Some call it the lull before the storm, some call it the inaction before the war, but i call it somethings that are just between new beginnings and old endings. A chapter that began but 24 months ago has slowly crossed over to being the past. The everyday things that heralded another beehive of activity have changed into things that i did when i was at MICA. My geography has changed, my co-ordinates uprooted and scattered across the country. Physical distances seemed to matter only at term breaks, and those were few and far in between. But today i wake up to a new reality, that hop-skip-and-jump was an alter-reality. It seems like in just two years, i have compressed a lifetime.
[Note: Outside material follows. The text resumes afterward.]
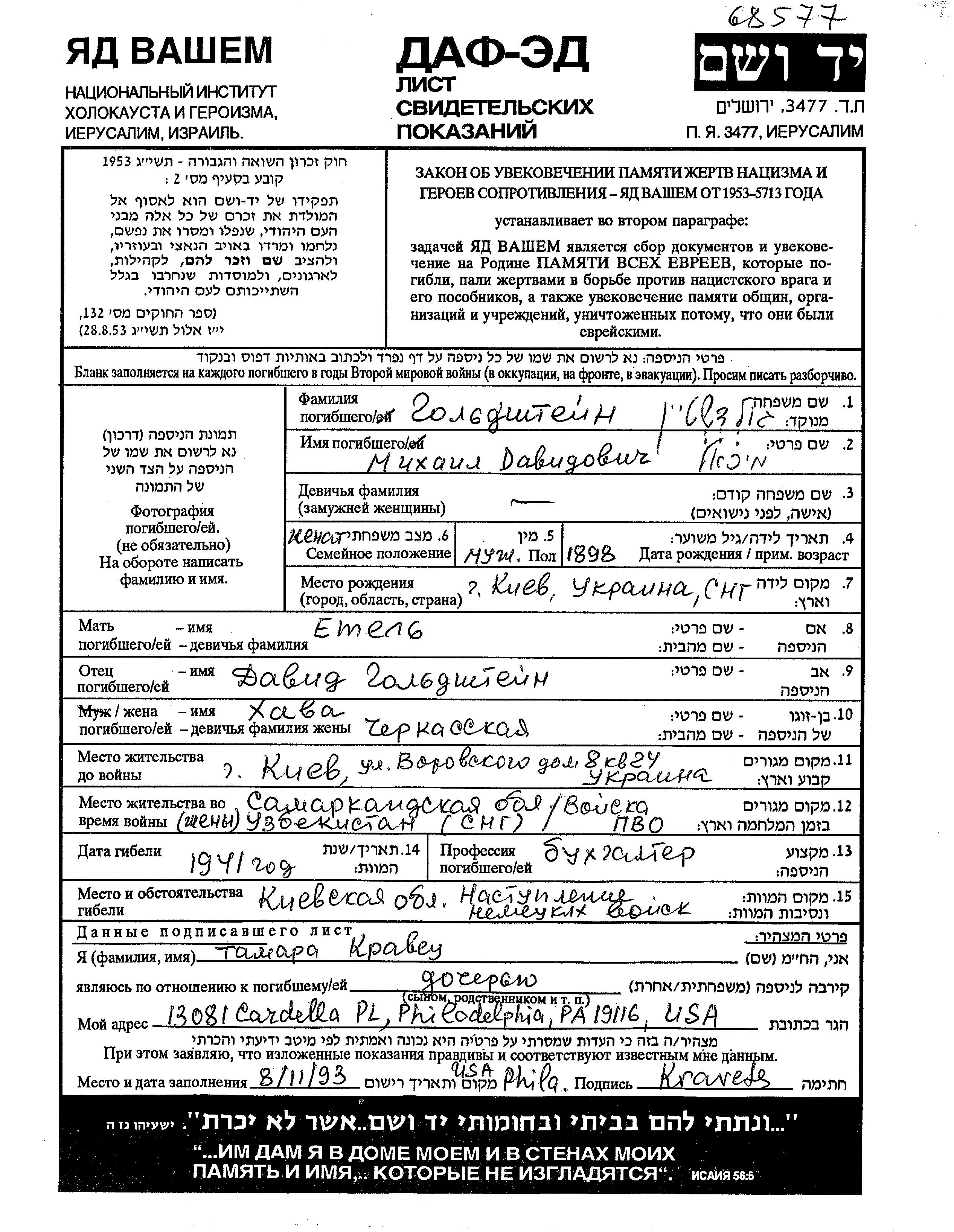 Goldshtein Mikhail Moisha 1898 Kiyev, Ukraine (URSS) Feuille de témoignage

Of friendships, of growing up, of being right and learning from wrong, and of loving and losing and learning to love again.
When i went there i was more a child than a girl. More sure of what I wanted and how. I emerged a lil older, somewhat wiser, and definitely more open to seeing what i needed and coveted. I met not just people who understood and accepted me for my quirks, they had enough of their own to know, but also learned me better. Things black-n-white blurred into a blissful grey and sometimes emerged in bright pinks, blues and copper. I found my own pace, a lil faster than some, a lil slower than the rest. A long 24 months that now seem to have whizzed past at break neck speed.
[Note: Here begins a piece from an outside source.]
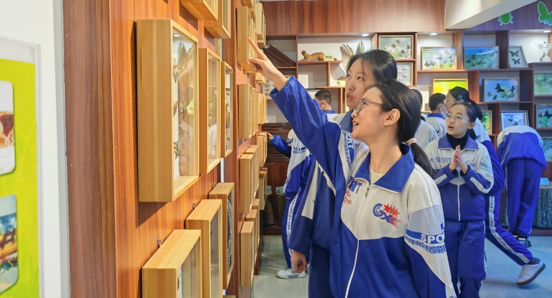 “接下來我們看到的是蝶類和蛾類,他們需要經歷卵、幼蟲、蛹、成蟲四個階段?!痹陂L白山生物標本室,講解員向學生們介紹了標本室的歷史,昆蟲種類和數(shù)目、標本的采集地等相關知識。學生們通過零距離的接觸,被種類繁多、栩栩如生的各式標本深深吸引。
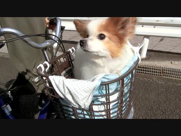 自転車のカゴに乗るワンコ(パピヨン)

Rituals and rhythms, conversations over the nth cuppa chai, cheese paranthas with butter on top, french fries wid mayonnaise simply coz it looked like rain, and the marathon walk to Shela lake. Peacocks that broke the silence with shrill mating calls and squirrels that were gunning for certificates at gnawing perfectly at swing ropes. Mad langoor chases, the lone bicycle ride in the dark, shooting stars by the canal, birthdays fit for a queen. DJ Abhijeet with the beautiful people dancing until dawn. Lectures sometimes interspersed with interesting CP and DCP. The people in the last row, authoring their debut piece of work and artists capturing more than the eye spied. Formals shrugged into with the determined look saying, you got me for now SPC, but just wait until they're gone....
I will start work soon. But right now is a something of an in-between. The hyphen before the next word, imperative, but pondered about for its true meaning and worth. It was a good hyphen though. Worked some, played some, did things i always wanted to. But that was part of the plan for the summer. Now is another tiny in-between, a semicolon, a pause to conjure up more images of what the future holds, what i want it to hold and a sackful of hope. Every bit of this journey has been worth it, time to move into the next phase, bohemian or not, you gotta get with it, blend in with the folds, learn to breathe in a different world.